Minutes later, a man trudged up the hill towards me from around the next bend.  Out of the corner of my eye, I could see that he was middle-aged with a round stubbled face; he had a fishing vest pulled tight over his belly and a rod over his own shoulder.  I kept walking but avoided eye contact until the last minute, as is my admittedly ungracious habit.  I was prepared to give him nothing more than a courteous nod, mostly because the other locals with whom I had been sharing the creek bed all morning had seemed oblivious to me and my camera.  It was like we were in parallel universes and invisible to each other, these locals intent upon catching fish and me impatiently waiting for them to move out of my picture.  My only thought regarding the whole fishing thing was that I didn’t see the point.  After scrambling around the banks of this shallow creek for a couple of hours I had yet to observe a fish of any sort or size.

As he drew close, and I prepared to acknowledge him, he came to a complete stop facing me.  Caught off-guard, I gave him my full attention.
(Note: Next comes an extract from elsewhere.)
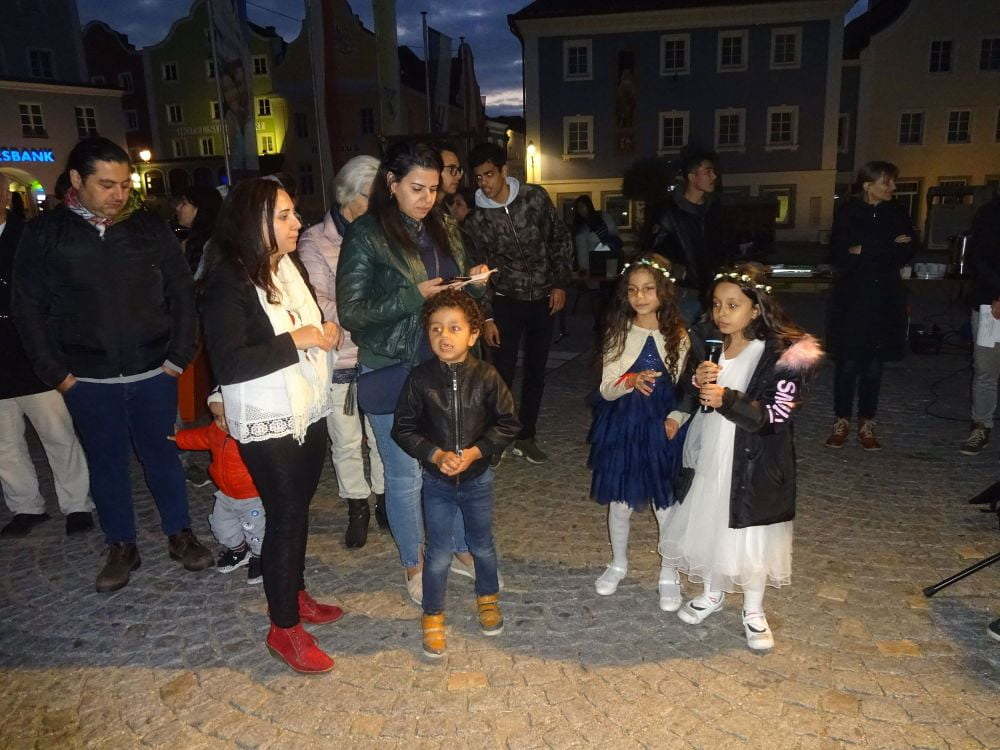 Den Beginn machte der Vertreter des sunnitischen Islam mit einer Erklärung zum Koran und einem liturgischen Gesang. Als Beitrag der kath. Kirche wurde der Sonnengesang des Hl. Franz von Assisi gesungen, bevor aus der Bergpredigt die Botschaft „Macht euch keine Sorgen, euer Vater weiß, was ihr braucht“ gelesen wurde. Viel Applaus gab es für zwei Kinder aus der Koptisch-Orthodoxen Kirche für ihre beiden Lieder, die ein starkes Gottvertrauen in den orthodoxen Kirchen ausdrückten. Eine klare Positionierung für Toleranz, weil Allah alle Menschen liebt, brachte der Beitrag eines Schülers aus Afghanistan, der der schiitischen Glaubensrichtung des Islam angehört. Eine Auslegung der Wochenspruchs „Lass dich nicht vom Bösen überwinden, sondern überwinde das Böse mit Gutem“ und das allen christlichen Kirchen gemeinsame Vater Unser bildeten den Beitrag der Evangelischen Kirche. Mit der Nennung von Notsituationen in verschiedenen Bereichen und einer Minute Schweigen wurde das gemeinsame Gebet abgeschlossen. Bei Tee und Kuchen klang der Abend aus.

“Gettin’ any good pitchers?”

“Oh yes, earlier.  But now the light’s getting too bright.”

“What d’ya mean?  Wouldn’t some sunlight be good?”

I regrouped and briefly explained to him how soft light reduces harsh shadows and brings out color.
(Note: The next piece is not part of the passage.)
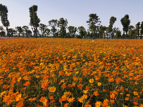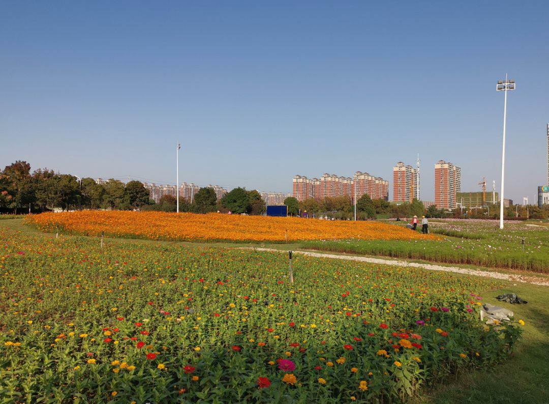 绿化:总籽播5万平方米花田花海,成片成景,成为热门打卡地。
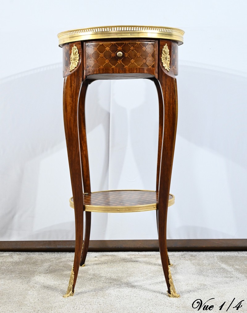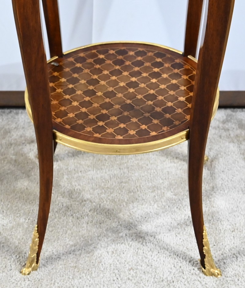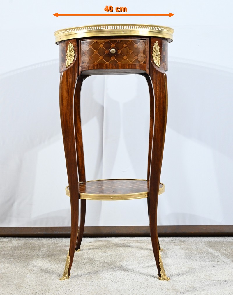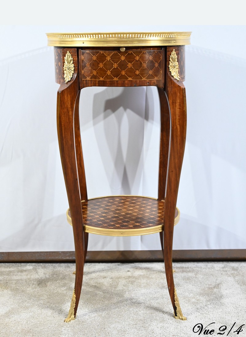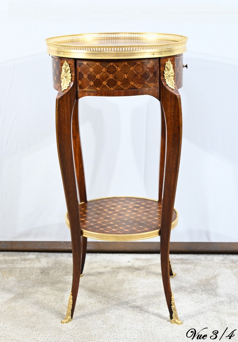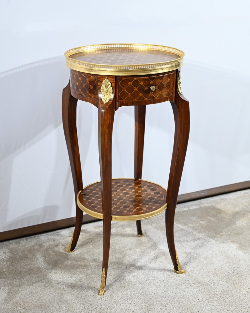 Table circulaire comportant en ceinture un tiroir à bouton laiton marqueté de losanges, de filets et de trèfles en placage de bois de rose et d’acajou.

“You musta gone to school to learn that, huh?”  He was impressed; I found that funny.

“No school.  Just lots of practice.”  Brief silence.  He made no move to resume his climb up the hill, so I made an effort.  “What are you fishing for?”

“Trout”

I responded, idiotically, “I don’t see any trout in this creek.”

He grinned broadly at me and patiently explained the behaviors of trout.  That they are there in that creek, all right, but that they hide in the shadows where you can’t see them. That the young are impetuous and will dart out to grab whatever scraps you throw them, but the big ones are harder to fool.  He held up two stubby fingers to show me how big these trout get and told me how the creek was stocked just yesterday and how he was already a little late to take advantage.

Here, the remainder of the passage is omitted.